- Born: Lizabeth Paravisini March 21, 1953 (age 73) Puerto Rico
- Education: University of Puerto Rico, Río Piedras; New York University
- Occupation: Academic
- Spouse: Gordon Gebert ​(m. 1988)​
- Children: 1

= Lizabeth Paravisini-Gebert =

Puerto Rican academic (born 1953)

Lizabeth Paravisini-Gebert (born 1953) is a Puerto Rican academic who specializes in research of the Caribbean. She holds the Sarah Tod Fitz Randolph Distinguished Professor Chair at Vassar College.
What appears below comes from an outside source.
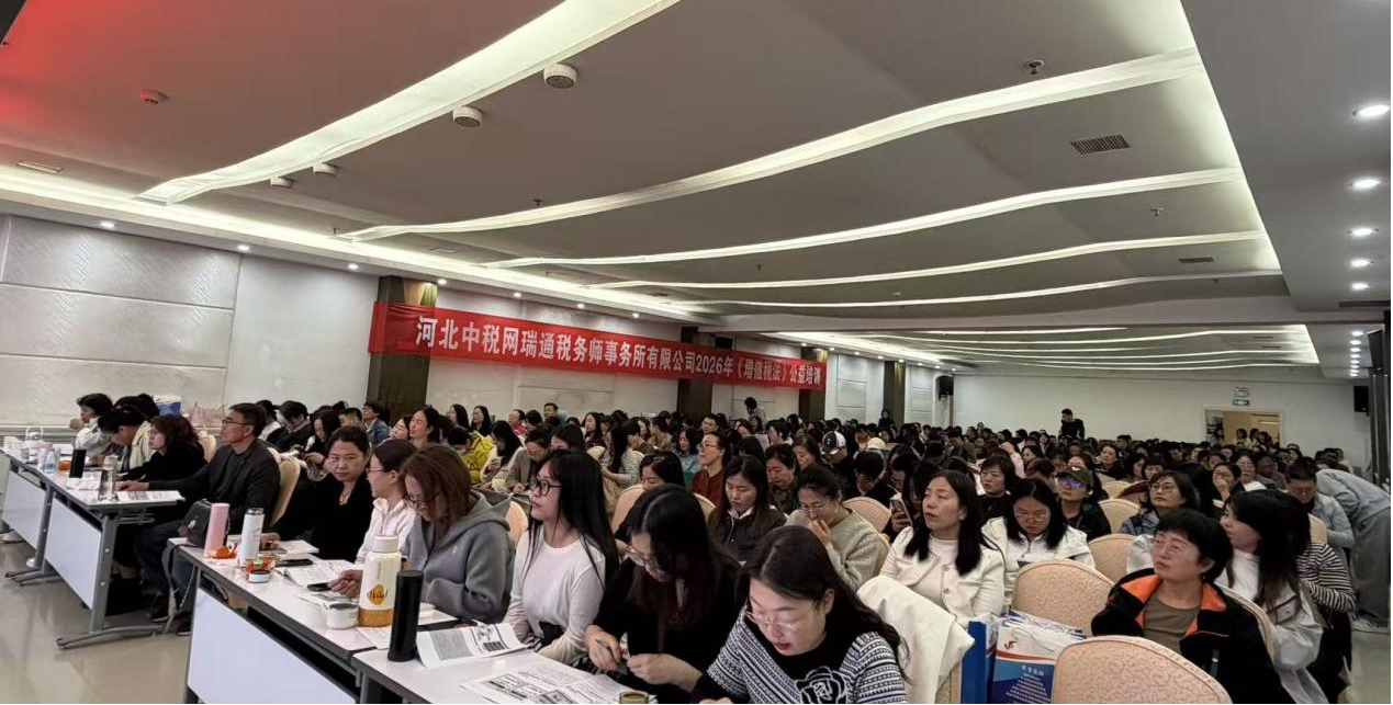 为深入贯彻落实《中华人民共和国增值税法》(2026年1月1日正式施行)新政策要求,助力承德地区各类市场主体准确把握增值税制度法治化、规范化改革核心要点,2026年4月16日,河北中税网瑞通税务师事务所成功举办《增值税法》专题公益培训。培训现场秩序井然、氛围热烈,吸引来自全市各行业财务总监、税务负责人、财税从业人员等 300 余名专业人士参会。

==Early life and education==
Lizabeth Paravisini was born in 1953 in Puerto Rico to Virgenmina (née Rivera) and Domingo Paravisini. She grew up in Puerto Rico and completed a Bachelor of Arts degree at the University of Puerto Rico, Río Piedras in 1973 in comparative literature. Continuing her education, she moved to New York City and completed a Master of Arts degree in 1976 at New York University. Paravisini furthered her post-graduate education at New York University, earning a Master of Philosophy in 1980 and a Ph.D. in 1982. She married Gordon Gebert in 1988, a former child actor, who is a professor of architecture at City College of New York. They have one son, and she is stepmother to Gebert's two daughters from his first marriage.

==Career==
In 1981, Paravisini-Gebert began her career teaching as an associate professor in the interdisciplinary Puerto Rican studies program at City University of New York in Brooklyn. Ten years later, she moved to Vassar College, teaching Caribbean culture and literature. Caribbean studies first began to emerge in the middle of the 1980s, and Paravisini-Gebert's career has sought to provide study and future scholarship regarding the cultural and environmental history of the region. She has argued that studies of the region must encompass a broad understanding of both the shared and separate histories of the islands in the region, as those focusing too narrowly on commonalities or post-colonial theory miss the complexities of the cultures. Works, such as Phyllis Shand Allfrey and Decolonizing Feminism: The Home-Grown Roots of Caribbean Women's Movements, explored these complexities and how race relations and the drive for self-determination shaped women's lives.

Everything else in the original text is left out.